Is there something i did wrong?

My setup: ubuntu18.04.4 LTS python 3.7.3

About this issue

  • Original URL
  • State: closed
  • Created 4 years ago
  • Comments: 15 (8 by maintainers)

Most upvoted comments

Maybe you could try ubuntu 16.04.

Thanks!

Re compiling all the dependencies, I think i had make it work under ubuntu 18.04.

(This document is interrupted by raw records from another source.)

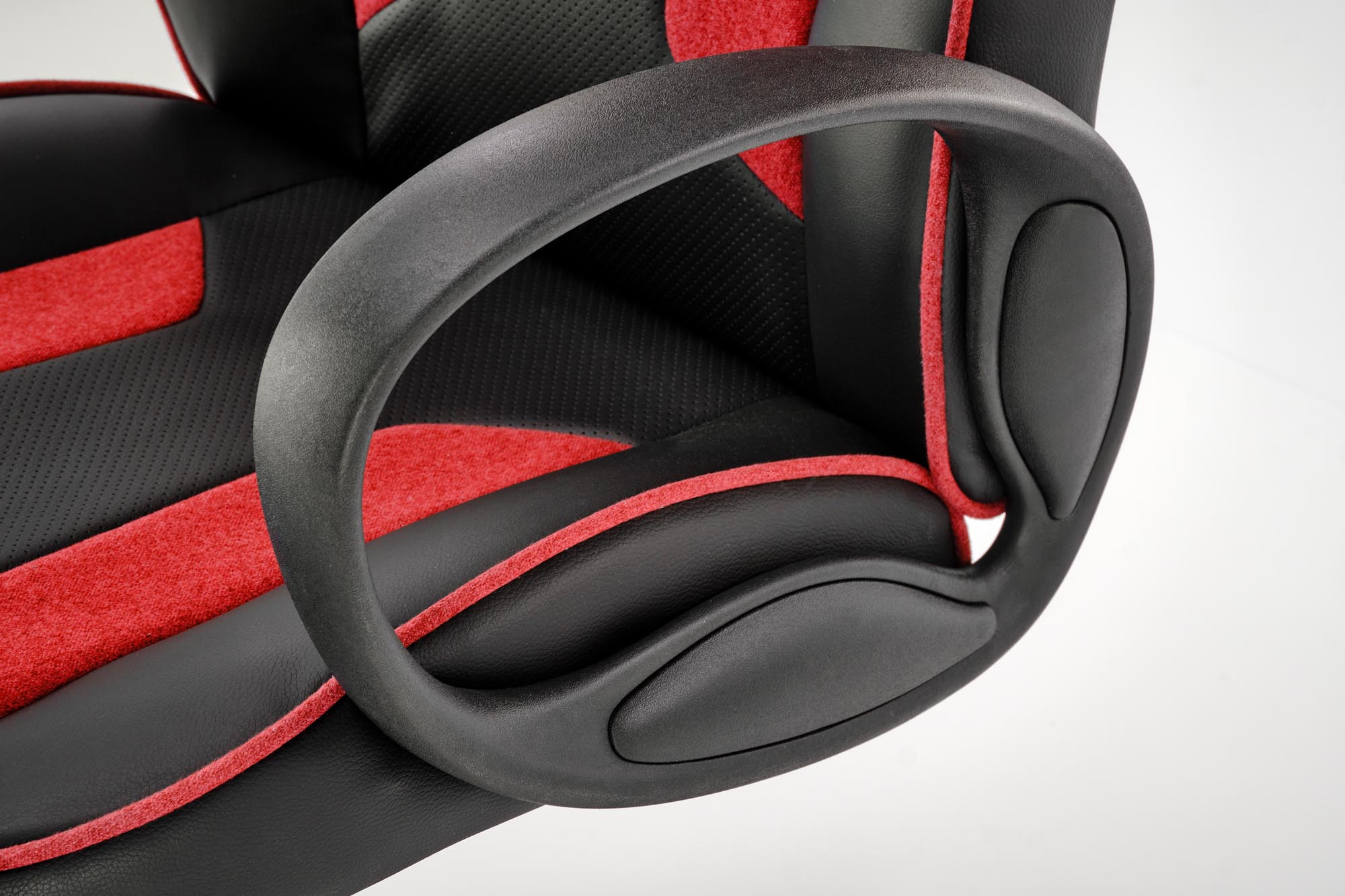 wymiary: 61/70/112-121/43-52 cm; mechanizm TILT, eco skóra / tkanina / tkanina membranowa, kolory: czarny – czerwony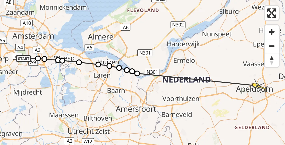 Op zaterdag 26 juli 2025 om 20:17 is er een Politiehelikopter vertrokken van Amstelveen naar Apeldoorn. Het gaat om de Politiehelikopter met registratienummer PH-PXZ. De vlucht duurde 17 minuten. Het toestel heeft in die periode 80 kilometer afgelegd met een gemiddelde snelheid van 281 kilometer per uur op een maximale vlieghoogte van 313 meter.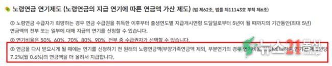 현재, 노령연금은 수령하는 나이를 1년 뒤로 연기할때마다 연간 7.2%를 증액한다. 월로는 0.6%씩 늘려준다.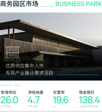 2024年一季度,上海商務(wù)園區(qū)寫字樓市場(chǎng)迎來(lái)四個(gè)新增供應(yīng),分別為位于張江的居里路一號(hào)項(xiàng)目,位于市北的靜安國(guó)際·云匯數(shù)智中心,位于金橋的金鼎·星馳中心和云璟生態(tài)社區(qū)商墅,共計(jì)26.0萬(wàn)平方米,同環(huán)比上升顯著。季度凈吸納量4.7萬(wàn)平方米,同比下降9%,環(huán)比下降51%。推動(dòng)當(dāng)前整體空置率至19.6%,同比上行2.7個(gè)百分點(diǎn),環(huán)比上行1.3個(gè)百分點(diǎn)。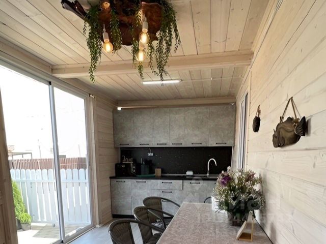 На террасе мягкие окна и шторы, кухня, столик и лавки, холодильник, микроволновка, мультиварка, чайник, для вашего удобства будет еще электрическая плита, сковородка и кастрюля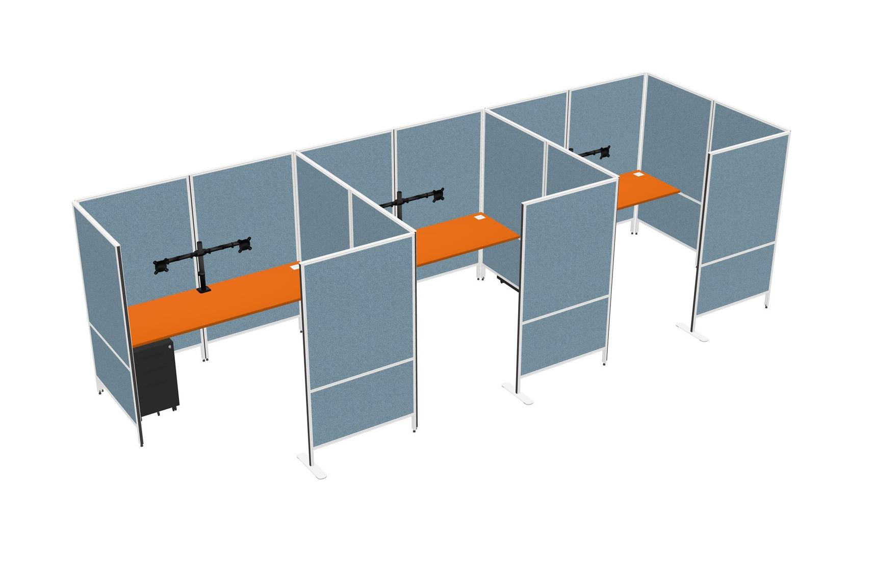 Orange Flexible Panel System With Privacy For 3 + Metal Mobile Drawers + Monitor Arm (double Arms)

~/Desktop/workspace/clean-pvnet/lib/csrc/ransac_voting/ransac_voting_gpu.py:140: UserWarning: This overload of nonzero is deprecated:
        nonzero(Tensor input, *, Tensor out)
Consider using one of the following signatures instead:
        nonzero(Tensor input, *, bool as_tuple) (Triggered internally at  /pytorch/torch/csrc/utils/python_arg_parser.cpp:766.)
  coords = torch.nonzero(cur_mask).float()  # [tn,2]
~/Desktop/workspace/clean-pvnet/lib/csrc/ransac_voting/ransac_voting_gpu.py:142: UserWarning: indexing with dtype torch.uint8 is now deprecated, please use a dtype torch.bool instead. (Triggered internally at  /pytorch/aten/src/ATen/native/IndexingUtils.h:20.)
  direct = vertex[bi].masked_select(torch.unsqueeze(torch.unsqueeze(cur_mask, 2), 3))  # [tn,vn,2]
Segmentation fault (core dumped)

I keep getting this segmentation fault. Is there anything i can do about this?

You need to remove the build directory under lib/csrc/uncertainty_pnp before re-compiling it. The easiest way is changing ubuntu to 16.04.